*Data for the task*.
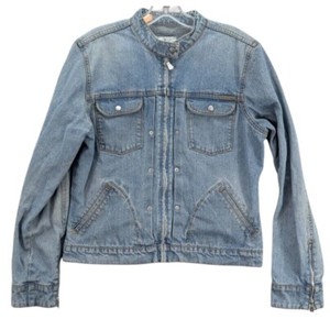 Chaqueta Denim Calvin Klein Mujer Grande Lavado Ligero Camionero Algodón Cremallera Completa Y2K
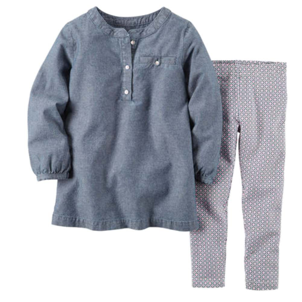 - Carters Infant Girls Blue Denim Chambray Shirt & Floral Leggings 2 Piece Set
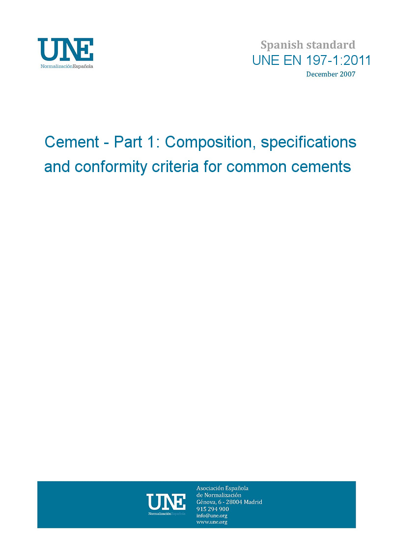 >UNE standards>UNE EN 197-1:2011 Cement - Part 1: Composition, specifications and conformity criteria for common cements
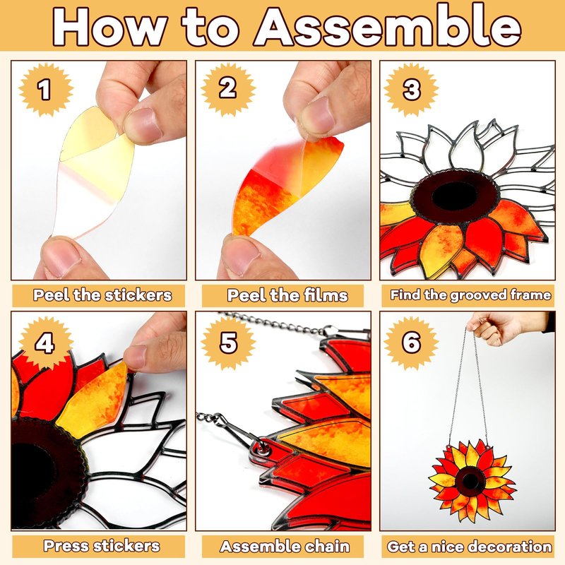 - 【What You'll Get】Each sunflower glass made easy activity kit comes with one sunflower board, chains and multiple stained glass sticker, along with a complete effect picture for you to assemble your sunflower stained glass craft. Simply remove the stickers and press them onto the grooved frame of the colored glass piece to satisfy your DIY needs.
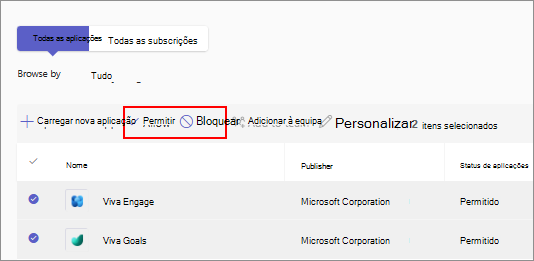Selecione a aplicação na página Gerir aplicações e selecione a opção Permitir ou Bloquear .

*Description of the task*. Do not include the images; transcribe the rest of the listing exactly.

*Reply to the exercise*.
 Chaqueta Denim Calvin Klein Mujer Grande Lavado Ligero Camionero Algodón Cremallera Completa Y2K
 - Carters Infant Girls Blue Denim Chambray Shirt & Floral Leggings 2 Piece Set
 >UNE standards>UNE EN 197-1:2011 Cement - Part 1: Composition, specifications and conformity criteria for common cements
 - 【What You'll Get】Each sunflower glass made easy activity kit comes with one sunflower board, chains and multiple stained glass sticker, along with a complete effect picture for you to assemble your sunflower stained glass craft. Simply remove the stickers and press them onto the grooved frame of the colored glass piece to satisfy your DIY needs.
Selecione a aplicação na página Gerir aplicações e selecione a opção Permitir ou Bloquear .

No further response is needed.